Scientist:So you are a mathematician or programmer rather than a natural scientist? For some reason, this does not surprise me. I have no doubt that a more successful statistical apparatus may exist, but the experience of using P-values is also worth something. Yes, now they are often twisted in one way or another, but we know how to do it, and begin to understand how to deal with it. The pitfalls of the P-values are at least known. In any new system they will be too. But that's exactly where - it turns out only after decades. Perhaps they will be even more dangerous than the present.
Bayesian:Yes, thievish accountants will probably come up with some new exciting manipulations with rational numbers. Especially in those cases when the exact operations will still be too computationally expensive and will have to be somehow approximated. But I still believe that if the same experimental psychology right now breaks the crisis of reproducibility, and if this crisis is clearly associated with the use of P-values, which, frankly, are nothing more than a bunch of conflicting crutches - then you should at least try to use more rational method. Although I also do not call for all to demolish and rebuild again. In practice, you can start to abandon the P-values in any one area (at least in psychology) and see what happens.

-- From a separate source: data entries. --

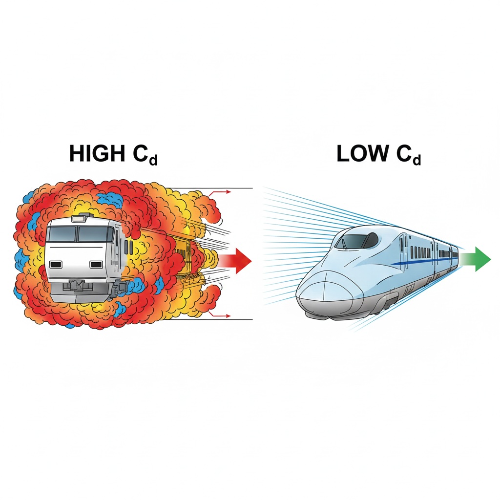 新幹線の走行に必要なエネルギーの約7割から8割は、高速域では空気抵抗の克服に費やされます。この抵抗の小ささを示す指標が空気抵抗係数(Cd値)です。最新の車両は、Cd値を極限まで下げることで、同じ速度でもより少ないエネルギーで走行できるように設計されています。この「形状の最適化」こそが、省エネと高速化を両立させるカギなのです。
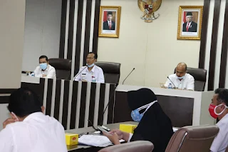 PRABUMULIH, MERDEKASUMSEL.COM -- Pemkot Prabumulih langsung menggelar Rapat Koordinasi Terkait Penanganan Covid-19 di Wilayah Kota Prabumulih yang di pimpin Sekretaris Daerah Kota Prabumulih Elman, ST, MM didampingi Asisten l Pemerintah Kota Prabumulih Drs. Aris Priadi, M.Si, Asisten III Kota Prabumulih H. M Rasyid, S.Ag, MM ,Rabu (30/09/2020).
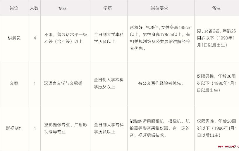 講解員采取口試的方式,文案、影視制作采取筆試和面試的方式,影視制作面試須由應聘者攜帶自主攝制的視頻和圖片作品。入圍者參加崗前培訓,進入試用期,試用期三個月,試用期滿經(jīng)考核合格后正式聘用。
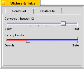 The result is the "Construct Speed (%)" slider in the window pictures below. An example of a slider with the B_TRIANGLE_THUMB thumbType and hash marks above and below the slider is also shown.

Scientist:And how are you going to persuade psychologists to such an experiment?
Bayesian: I have no idea. Frankly, I do not really expect anyone to change anything. Most likely, people will simply use the P-values until the end of the ages. So it goes. But there is a chance that the idea will still be popular. I was pleasantly surprised by how quickly Open Access took root. I was pleasantly surprised by the fact that the crisis of reproducibility was generally noticed, and moreover, people care about it. Perhaps, the P-values will still be pulled out onto the market square and upturned with a large crowd of people ( note: at least one psychological journal in 2015 refused to test null hypotheses). If so, I will be pleasantly surprised. In this case, it turns out that my work on popularizing Bayesian rules and likelihood was not in vain.
Scientist: It may also turn out that like no one likes experimental science , and P-values are all considered convenient and useful.
Bayesian: If the university course of statistics was so monstrous that when one thinks about the theory of probability, they become shaky, then yes, the changes will have to come from the outside. I personally hope that our dear Student will read a short and rather fascinating introduction to Bayesian probability theory., compare it with his awesome textbook on statistics and will be begging you for the next six months, "Well, please, can I just consider the likelihood and everything, please, well, allow me."
Student: Uh ... well, I read him first, okay?
Bayesian: Dear Student, think about your choice. Some changes in science occur only because students grow up surrounded by different ideas and choose the right ones. This is Max Planck's famous aphorism, and Max Planck will not say nonsense. Ergo, the ability of science to distinguish bad ideas from good ones depends solely on the students' intelligence.
Scientist: Well, this is already ...
Moderator: And this is where we complete our transmission. Thanks for attention!